What you will do.
The response should contain all of the data below, reproduced exactly, and no pictures.

** Data block follows **

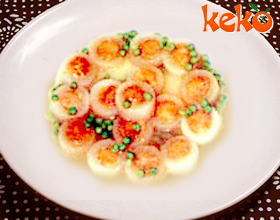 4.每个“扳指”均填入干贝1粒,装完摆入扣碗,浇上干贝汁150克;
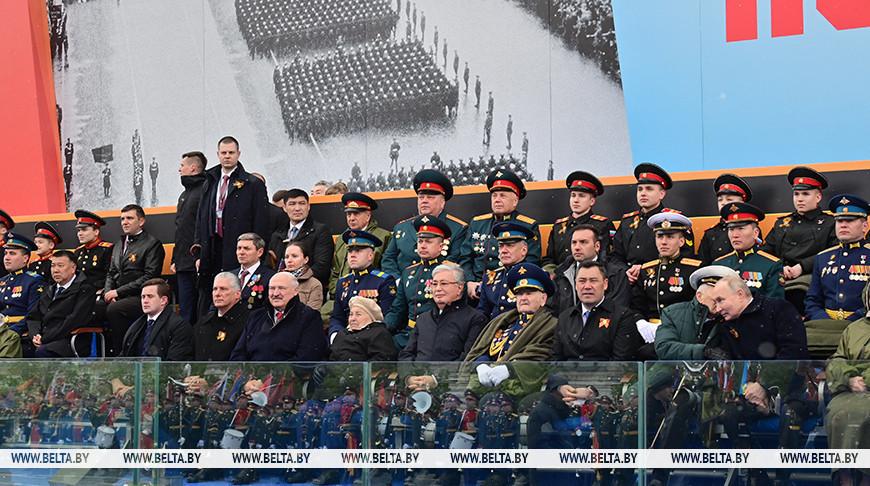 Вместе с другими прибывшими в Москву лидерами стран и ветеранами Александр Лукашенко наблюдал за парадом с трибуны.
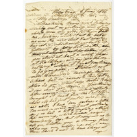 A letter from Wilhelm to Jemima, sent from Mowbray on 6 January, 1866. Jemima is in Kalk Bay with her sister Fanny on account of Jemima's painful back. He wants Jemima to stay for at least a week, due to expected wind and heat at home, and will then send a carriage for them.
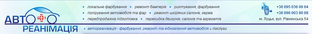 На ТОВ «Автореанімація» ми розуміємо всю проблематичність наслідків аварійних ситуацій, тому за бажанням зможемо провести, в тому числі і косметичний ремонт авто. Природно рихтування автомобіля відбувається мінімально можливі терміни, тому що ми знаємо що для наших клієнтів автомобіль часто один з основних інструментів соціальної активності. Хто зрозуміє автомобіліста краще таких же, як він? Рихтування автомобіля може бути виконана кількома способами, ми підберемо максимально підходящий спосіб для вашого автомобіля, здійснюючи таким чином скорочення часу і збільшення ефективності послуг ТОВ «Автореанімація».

** End of Data block **

Solution for this task.
 4.每个“扳指”均填入干贝1粒,装完摆入扣碗,浇上干贝汁150克;
 Вместе с другими прибывшими в Москву лидерами стран и ветеранами Александр Лукашенко наблюдал за парадом с трибуны.
 A letter from Wilhelm to Jemima, sent from Mowbray on 6 January, 1866. Jemima is in Kalk Bay with her sister Fanny on account of Jemima's painful back. He wants Jemima to stay for at least a week, due to expected wind and heat at home, and will then send a carriage for them.
 На ТОВ «Автореанімація» ми розуміємо всю проблематичність наслідків аварійних ситуацій, тому за бажанням зможемо провести, в тому числі і косметичний ремонт авто. Природно рихтування автомобіля відбувається мінімально можливі терміни, тому що ми знаємо що для наших клієнтів автомобіль часто один з основних інструментів соціальної активності. Хто зрозуміє автомобіліста краще таких же, як він? Рихтування автомобіля може бути виконана кількома способами, ми підберемо максимально підходящий спосіб для вашого автомобіля, здійснюючи таким чином скорочення часу і збільшення ефективності послуг ТОВ «Автореанімація».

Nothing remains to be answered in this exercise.